YOUR ASSIGNMENT
Give back exactly the lines from the beginning of the listing below to the line holding "Фон с цветущей", both ends included; the pictures stay out.

DATA PROVIDED
========
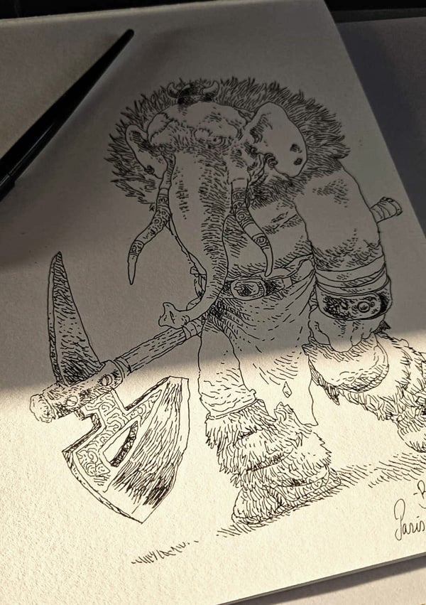 Un éléphant-guerrier anthropomorphe, habillé de fourrures et tenant une gigantesque hache de combat à la main.
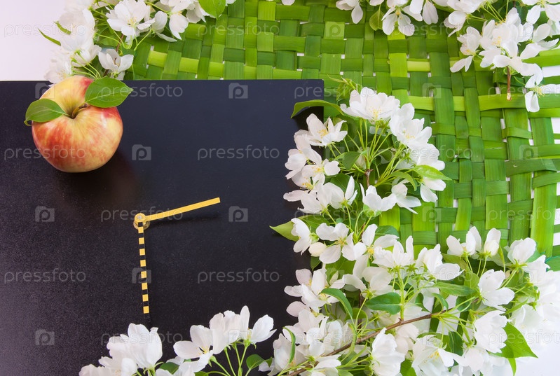 Фон с цветущей яблоней, часами и красным яблоком
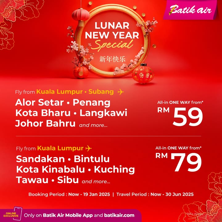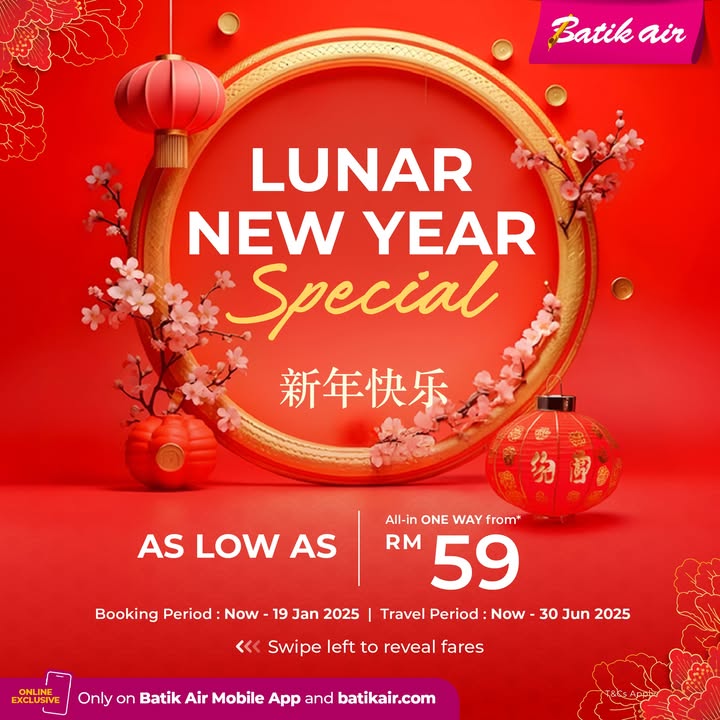 Seize this fantastic opportunity to reconnect with loved ones during the festivities. Secure your tickets with Batik Air‘s Lunar New Year Special fares; they are set to sell out quickly. Plan your reunion now, and make the most of this exclusive offer!
========
ANSWER TO THE EXERCISE
 Un éléphant-guerrier anthropomorphe, habillé de fourrures et tenant une gigantesque hache de combat à la main.
 Фон с цветущей яблоней, часами и красным яблоком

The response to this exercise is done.